Rom. 6:1, Rom. 8 (whole chapter)
I cry and I weep. My soul laments for the distaste and the distain
I have towards this world. There is no pleasure left within me.
I cry out from my depths of my belly.
Growing in my womb is a fire that sears into my flesh, anticipating for
Your glory to be revealed. When I heard the spoken word make
confirmation with my spirit man, I cried out praises of thanksgiving,
I was elated with joy unspeakable.
I was told that putting this flesh to death would lead to the revelation of the “True Me”.
I cried. I bellowed out psalms of praise, knowing You have not forgotten me.
All my other cries were of distress and tears filled with bitterness despising Your process. Angrily I sobbed…”Why GOD?” “Why?
I know now that these growing pains are for my good.
Stretching me to reach the fulfillment of my destiny.

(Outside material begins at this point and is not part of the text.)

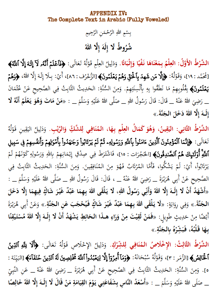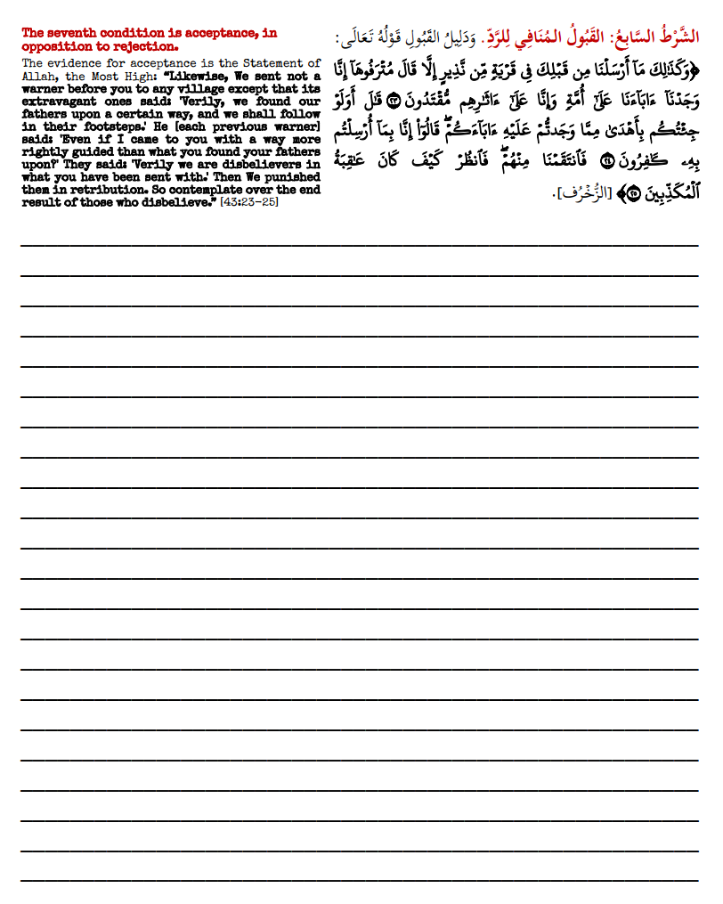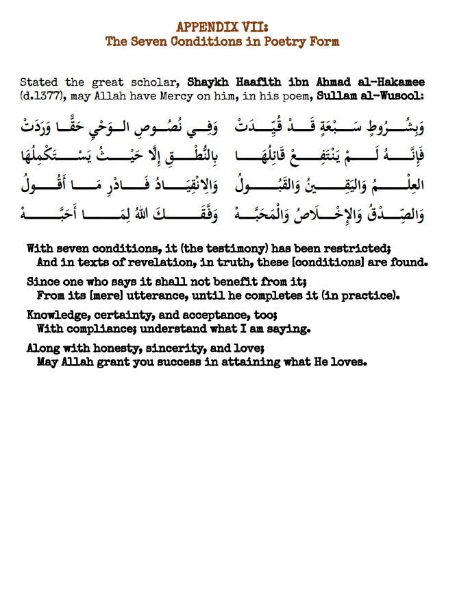 - In this valuable set of resources, you have the entire Arabic text of the book, paired with a clear English translation, laid out with ample space for notetaking during classes. After the text there are other helpful resources, including the uninterrupted text, in its original Arabic (both voweled and unvoweled), as well as its uninterrupted English translation. A chain of transmission is also included, as well as quizzes to check one’s basic understanding of the text. An answer key is provided on the bottom of page 3. The seven conditions are also presented in poetry form, from the book, Sullam al-Wusool, by Shaykh Haafith al-Hakamee (may Allah have Mercy on him).

With hope, I lift my head towards the sky.
I use to walk around aimlessly, muttering.
Spouting a mantra with no meaning.
A repetition that had neither reason nor rhyme.
What next GOD? How Long GOD?
When will it be my time?
His reply provoked me. It stirred my soul.
Yahweh told me that I make the decision of when and how to reach my goals.
He softly replied and said He gave me “all the power”
to launch out into the deep. “Go and be courageous my child.”
“Display my excellence and be bold.”
I roar out loud! I go from glory to glory. My time is here! My time is now!
So I submit private supplication that cannot be uttered. Now my cries consist
Of fervent effectual prayers that reach You oh Lord into the Heavens.
I sing of praises to You mighty King. For you have shown me that I matter.
From the time of my conception, till the date of my birth,
You have walked out my steps for me.
No longer do I let my tears hold me in captivity,
or the pain of my past tell me what I worth.
For You to cried when You gave Your only Begotten Son,
The tears that were shed on the cross, none can compare.
It was the sins of many that brought You such sorrow.
Because Christ cried out “It is finished”,
died on a cursed tree, I have hope for tomorrow.